Does it make more sense to calculate a ratio more directly at the topic level instead of doing the average of averages approach (weighted by bytes or something)?

to be honest this metric is already fairly approximate given its sliding window nature and the fact it has a sample size of 5 segments/operations. i don't believe it is a good indicator of "compactibility" and doing the low effort thing here probably isn't a huge deal.

wdyt @dotnwat ?

vbotbuildovich · 2026-03-30T21:17:43Z

CI test results

test results on build#82498

test_class	test_method	test_arguments	test_kind	job_url	test_status	passed	reason	test_history
RedpandaNodeOperationsSmokeTest	test_node_ops_smoke_test	{"cloud_storage_type": 1, "mixed_versions": false}	integration	https://buildkite.com/redpanda/redpanda/builds/82498#019d4052-e5f7-4866-aa5e-e66447800099	FLAKY	10/11	Test PASSES after retries.No significant increase in flaky rate(baseline=0.0000, p0=1.0000, reject_threshold=0.0100. adj_baseline=0.1000, p1=0.3487, trust_threshold=0.5000)	https://redpanda.metabaseapp.com/dashboard/87-tests?tab=142-dt-individual-test-history&test_class=RedpandaNodeOperationsSmokeTest&test_method=test_node_ops_smoke_test
WriteCachingFailureInjectionE2ETest	test_crash_all	{"use_transactions": false}	integration	https://buildkite.com/redpanda/redpanda/builds/82498#019d4052-d9f8-49ca-9df6-fef61d0aabd6	FLAKY	18/21	Test PASSES after retries.No significant increase in flaky rate(baseline=0.0825, p0=0.5002, reject_threshold=0.0100. adj_baseline=0.2278, p1=0.1333, trust_threshold=0.5000)	https://redpanda.metabaseapp.com/dashboard/87-tests?tab=142-dt-individual-test-history&test_class=WriteCachingFailureInjectionE2ETest&test_method=test_crash_all

andrwng · 2026-04-01T19:51:15Z

+          sm::description(
+            "Sum of compaction ratios across segments in this partition. "
+            "When aggregate_metrics is enabled, this is summed across all "
+            "partitions in a topic; divide by the partition count to get "
+            "the average compaction ratio."),


I'm fine with this change, but just looking at how it's used (moving average of ratio computed with every segment rewrite), I'm wondering how useful it is in practice as is today (even without this aggregation).

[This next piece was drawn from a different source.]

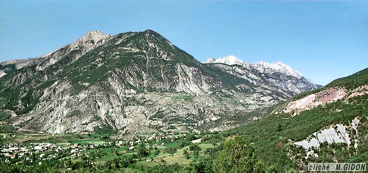 La vallée du Guil débouche de ses gorges aval dans la plaine de la Durance à Guillestre. Depuis les abords sud de cette localité et notamment depuis les premières pentes de la route du col de Vars on bénéficie de la vue sur la coupe naturelle des pentes de rive droite du débouché de ces gorges : celle-ci montre l'empilement de nappes calcaires briançonnaises ployées en une demi-voûte anticlinale dont le flanc ouest s'enfonce sous les flysch de l'Embrunais qui occupent synclinalement la vallée de la Durance entre Guillestre et Réotier.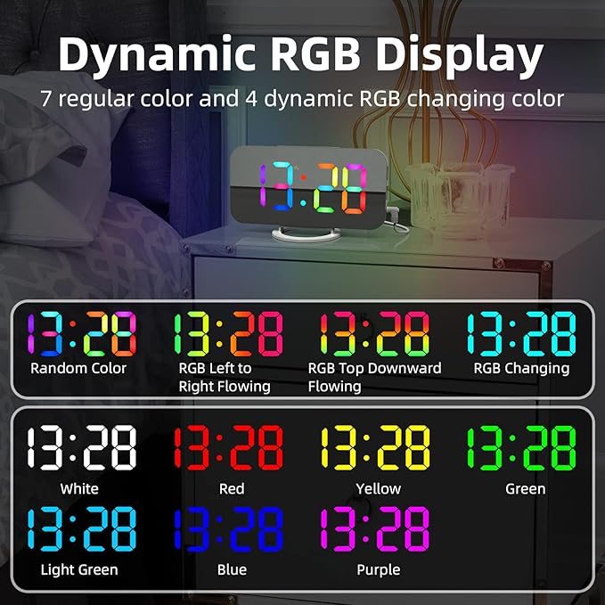 - ⏰ Upgrade New RGB Clock–Our this new RGB clock upgrades to 11 colors display moes(7 regular color and 4 dynamic RGB changing color) that bring you a you a difference color atmosphere.It’s suitable for living room, bedroom, office and home decoration.

If we're already going to need callers to do some math with this division, maybe we should instead expose some bytes_rewritten_in and bytes_rewritten_out and aggregate that, so that the collective compaction ratio is always bytes out / bytes in, whether aggregated or not.

I'm wondering how useful it is in practice as is today

I don't think its all that useful. I was leaning towards fully removing it.

If we're already going to need callers to do some math with this division, maybe we should instead expose some bytes_rewritten_in and bytes_rewritten_out and aggregate that, so that the collective compaction ratio is always bytes out / bytes in, whether aggregated or not.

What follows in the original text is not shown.